Indeed, the EU’s proposal is littered with so-called “weasel words,” as Friedrich Hayek called them, words  that simply sound good and can be used to justify any policy. The Pillar of Social Rights includes little policy details, little to no justifications why Brussels needs to do all of this, but many “weasel words:” all of these ideas Brussels is considering are obviously “social,” “just,” “fair,”, “inclusive,” and would expand “rights.” Who would be against that, after all? And yet, it neither explains why these policies would have that ‘just’ nature nor what the EU even means  by  these words. Particularly when it comes to ‘rights,’ it seems as though Brussels simply thinks that anything is a right which Brussels wants to be a right.

Arbitrary, aimless

Thus, most of the Pillar of Social Rights is arbitrary and aimless. The constant question that comes up is: why? Why is x and y a ‘right?’ Why should 60% of Europeans participate in some kind of training by 2030, which is one of the main goals of Pillar? Why 60%? And even more so, why should Brussels be in charge of this? Couldn’t individuals and companies simply figure this out for themselves?

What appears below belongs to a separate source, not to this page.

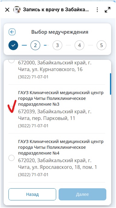 10. Выбрать медицинскую организацию, куда необходимо записаться.
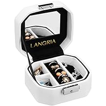 LANGRIA en Relief Simili Cuir Boîte à Bijoux, Forme octogonale avec Miroir intégré, verrouillable, Taille compacte, Maquillage et Accessoires de Stockage Organiseur Coque (Blanc)

Needless to say, all of the ideas proposed are made with good intentions. It is obviously not wrong to want to help the poor and those in need. It is obviously not wrong that every worker should have good working conditions. And no, it is not wrong to want to prepare workers for future innovative transformations, which means training will have greater value.

Nonetheless, the Pillar of Social Rights is a perilous program which lacks prudence and any notion of limits of what politics, particularly centralised one, can do. And even if it does have good intentions, what it never even tries to answer is  why the EU should do all this. By not answering this, the European Pillar of Social Rights merely looks like another power grab.